What needs to be done —
Within the entries below, please return exactly the lines from the one with "Cooking with toddlers" through the one with "Vetophoping op keukenkastjes", leaving out any pictures.

Source material —

++++

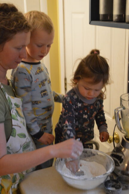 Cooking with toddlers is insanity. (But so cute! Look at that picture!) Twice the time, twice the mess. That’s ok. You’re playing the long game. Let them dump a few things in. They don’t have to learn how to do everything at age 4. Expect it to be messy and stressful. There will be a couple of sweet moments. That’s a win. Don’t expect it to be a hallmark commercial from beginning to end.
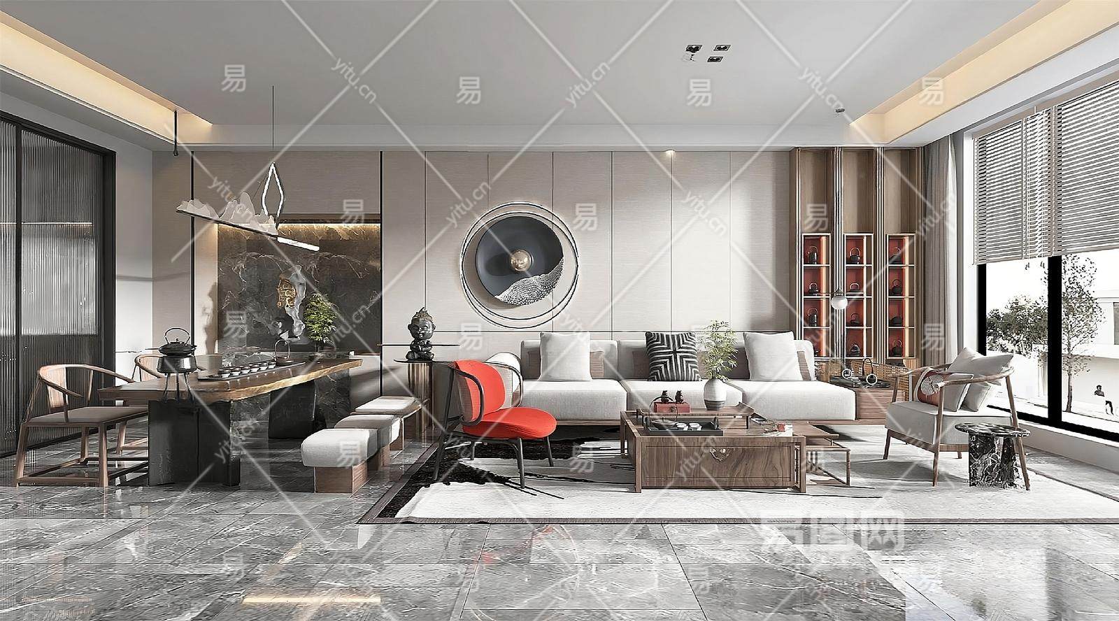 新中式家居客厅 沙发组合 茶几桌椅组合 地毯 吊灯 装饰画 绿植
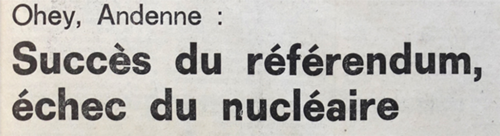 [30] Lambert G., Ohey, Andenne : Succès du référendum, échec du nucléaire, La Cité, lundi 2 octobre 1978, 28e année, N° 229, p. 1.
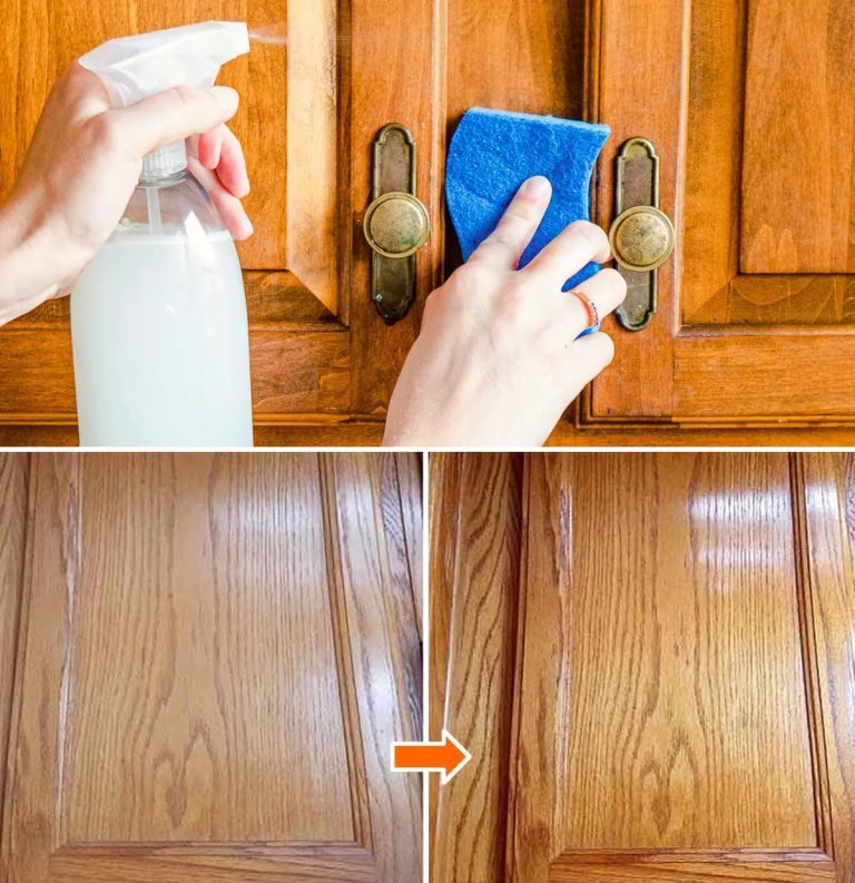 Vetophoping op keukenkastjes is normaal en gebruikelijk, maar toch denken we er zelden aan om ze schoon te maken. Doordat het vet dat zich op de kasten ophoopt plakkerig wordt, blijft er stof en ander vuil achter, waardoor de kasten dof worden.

++++

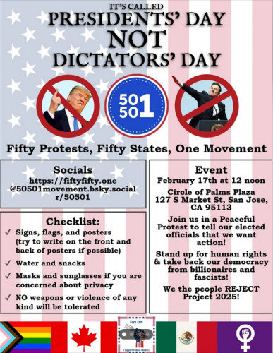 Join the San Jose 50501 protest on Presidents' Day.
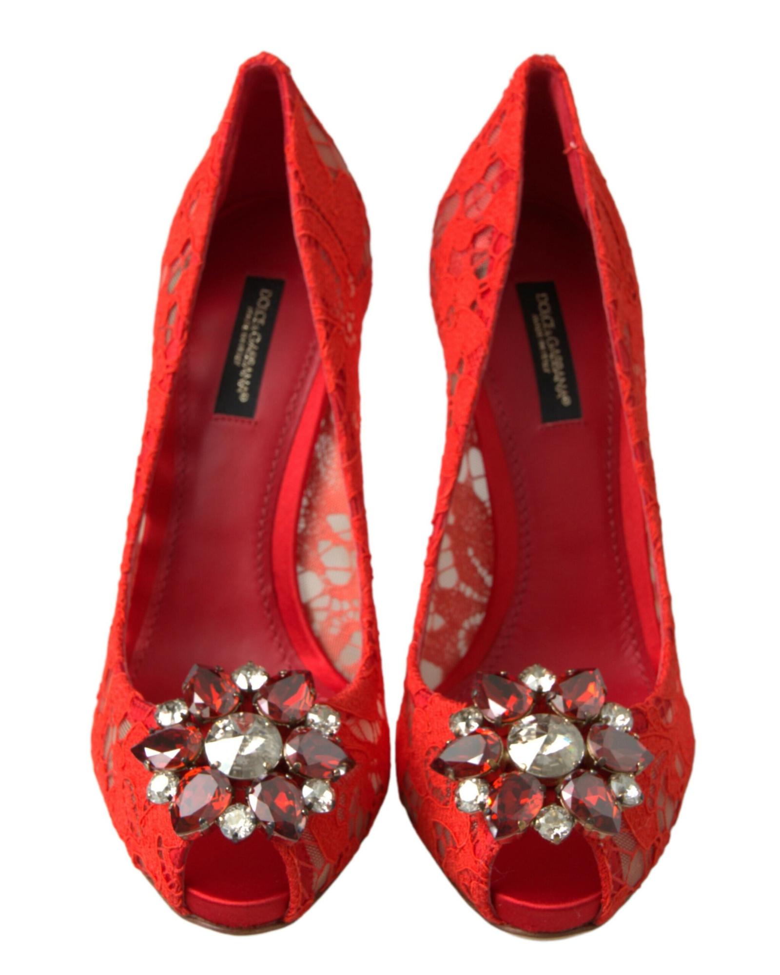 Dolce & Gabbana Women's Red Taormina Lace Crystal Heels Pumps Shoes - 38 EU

++++

Problem solution —
 Cooking with toddlers is insanity. (But so cute! Look at that picture!) Twice the time, twice the mess. That’s ok. You’re playing the long game. Let them dump a few things in. They don’t have to learn how to do everything at age 4. Expect it to be messy and stressful. There will be a couple of sweet moments. That’s a win. Don’t expect it to be a hallmark commercial from beginning to end.
 新中式家居客厅 沙发组合 茶几桌椅组合 地毯 吊灯 装饰画 绿植
 [30] Lambert G., Ohey, Andenne : Succès du référendum, échec du nucléaire, La Cité, lundi 2 octobre 1978, 28e année, N° 229, p. 1.
 Vetophoping op keukenkastjes is normaal en gebruikelijk, maar toch denken we er zelden aan om ze schoon te maken. Doordat het vet dat zich op de kasten ophoopt plakkerig wordt, blijft er stof en ander vuil achter, waardoor de kasten dof worden.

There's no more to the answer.